Can popular media aid learning?
Sept. 13, 2010
KALAMAZOO--Can YouTube make you smarter in biology?
Western Michigan University's Dr. John R. Geiser associate professor of biological sciences, has been picked for a yearlong national scholars program to find out if popular media can help students better relate to course subjects. As a 2010 resident in the American Society for Microbiology-National Science Foundation Biology Scholars Program, he and 22 other biology educators from across the country will investigate their theories on student learning and share their results.
Geiser's research topic considers numerous studies that have shown that motivation and relevance can be a strong influence on students. His study will establish whether student outcomes can be improved by providing students with examples of popular media (YouTube videos, Scientific American articles, etc.) that present the content material in such a way as to provide relevance to student lives. The goal is to use non-science or popular literature or media in a pre-lecture environment to allow students an opportunity to see the overall picture related to a specific concept in a context that is simply more interesting for most students.
In the past, changes to lectures to engage students have been made in an introductory biology lecture course for freshman majors. That has not, however, produced substantial improvement in students test scores or engagement in course content.

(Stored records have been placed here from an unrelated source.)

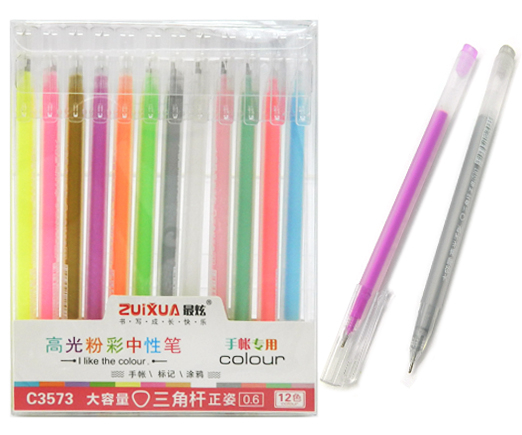 Ручки гелевые набор-12 цв. CR-31 Zuixua 0.6мм, 3гр, игольчатый стержень, в упаковке ПВХ C3573 (2/12/192)
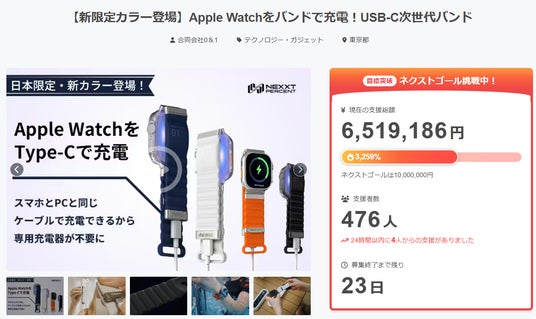 合同会社0&1は、2025年12月25日より「CAMPFIRE」でプロジェクト「【新限定カラー登場】Apple Watchをバンドで充電!USB-C次世代バンド」を開始し、支援受付をスタートしました。
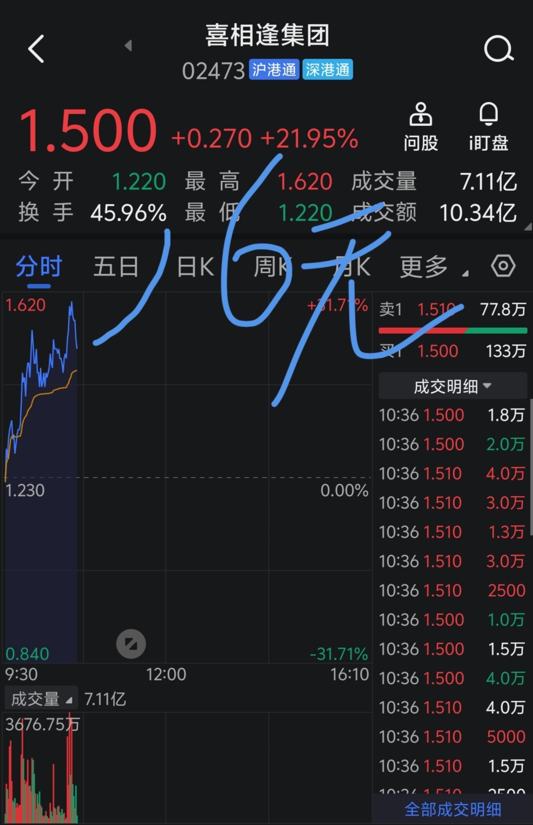 才刚刚开始,有些家伙就没耐心了。不过也好,主力后面极端暴涨拉起来更轻松。全球资本涌入香港。行情才刚刚开始,你们却在启动前捡了点芝麻就跑了。最起码到8元以上翻倍利润的耐心都没有。没耐心的家伙一出,主力又是瞬间暴涨一路往上勐拉到3元,6元.8元——10元。过了10元直奔20元歇息歇息。
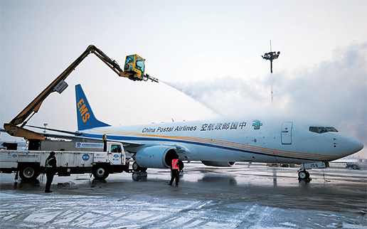 2 月14 日,北京首都機(jī)場(chǎng)降雪,王曉輝機(jī)長(zhǎng)將執(zhí)飛郵政CF9121 航班奔赴湖北,圖為對(duì)飛機(jī)進(jìn)行除冰作業(yè)。
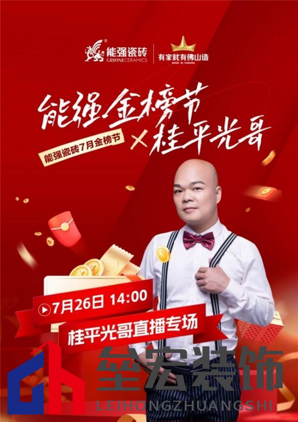 為助力品牌年中大促,能強(qiáng)瓷磚金榜節(jié)全國(guó)聯(lián)動(dòng)特邀知名網(wǎng)紅達(dá)人【桂平光哥】于7月26日下午親臨能強(qiáng)瓷磚總部,開(kāi)啟一場(chǎng)別開(kāi)生面的大型直播活動(dòng)。此次直播通過(guò)趣味互動(dòng)、獨(dú)家福利和沉浸式體驗(yàn),為觀眾帶來(lái)一場(chǎng)視聽(tīng)與產(chǎn)品鉅惠的雙重狂歡。
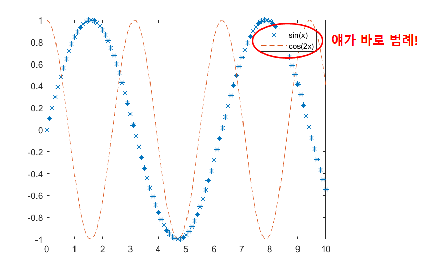 범례 덕분에 우리는 파란색 별표로 그려진 그래프가 sin(x)의 그래프고, 빨간색 점선으로 그려진 그래프가 cos(2x)의 그래프인 것을 한 눈에 알 수 있습니다.
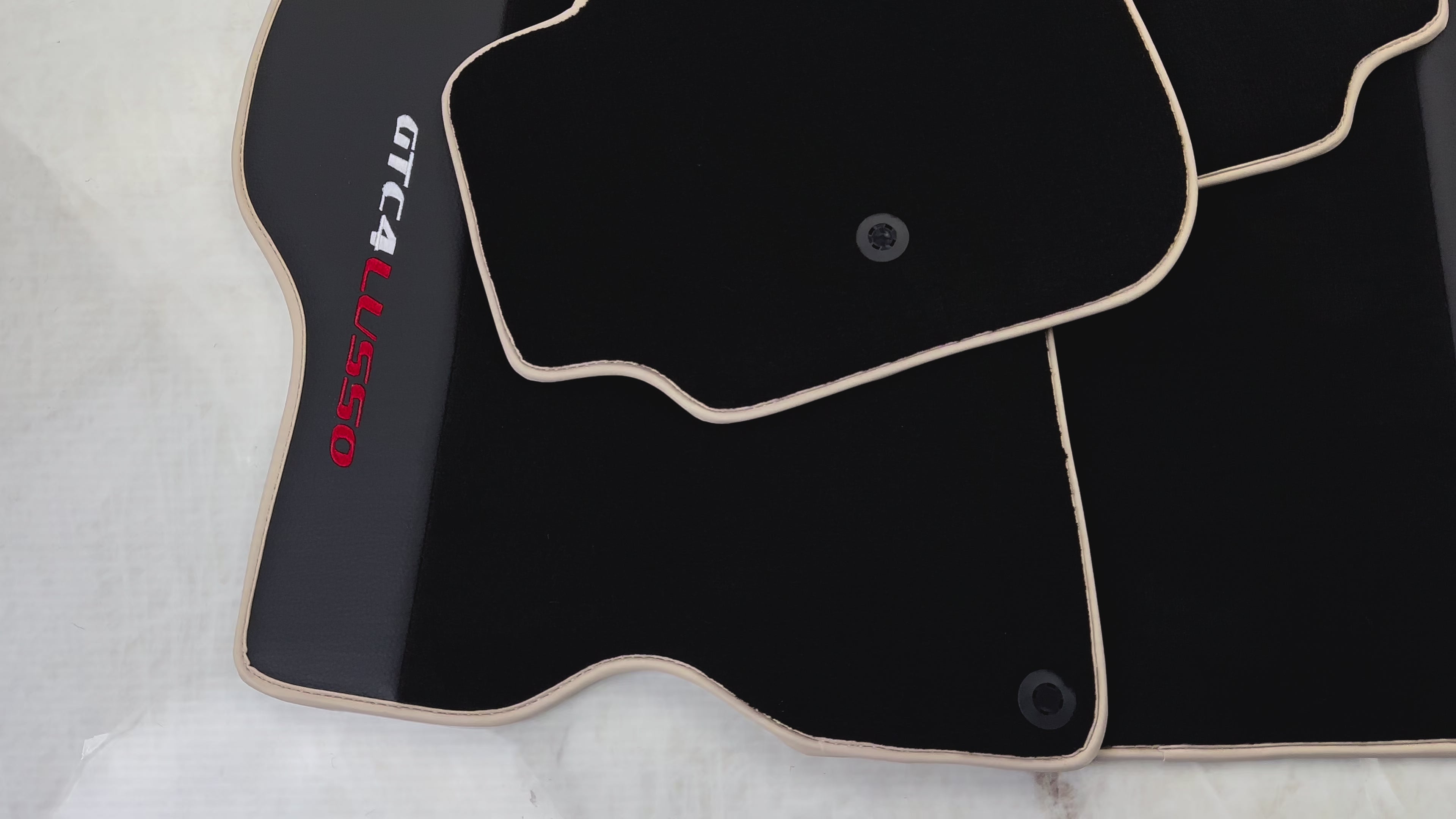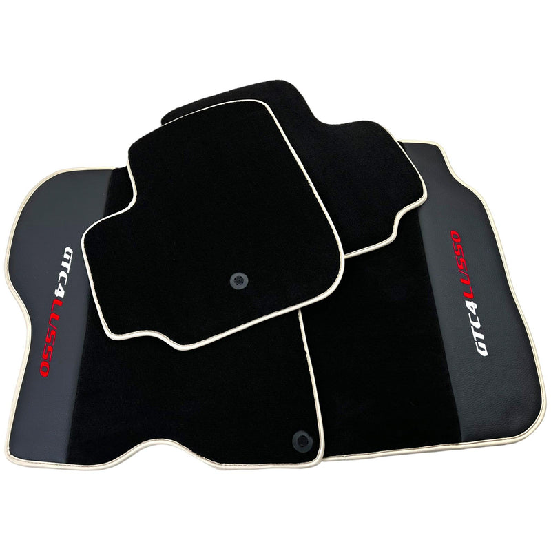 Czarne maty samochodowe do Ferrari GTC4 Lusso (2016-2023) z skórą | Beżowe wykończenie
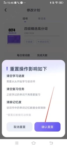 3、待弹出窗口出现后,点击“确认重置”按钮,即可完成计划进度的重置操作。

A WMU team of biological sciences and chemistry faculty and science educators from WMU's Mallinson Institute for Science Education, Office of Faculty Development and University Libraries collaborated to discuss possible options for improving student motivation and performance. Geiser's study is an offshoot of one of those team discussions. He will conduct his research at WMU and present his findings in May at the national ASM conference. Results will be tracked for five years by the organization.
A WMU faculty member since 1999, Geiser began his WMU career as an assistant professor, and he became associate professor in 2005. From 2003 to the present, he also has been a consultant for AureoGen Biosciences Inc. in Kalamazoo. He earned his doctoral degree in biochemistry from the University of Washington and his bachelor's degree in microbiology from the University of Pittsburgh.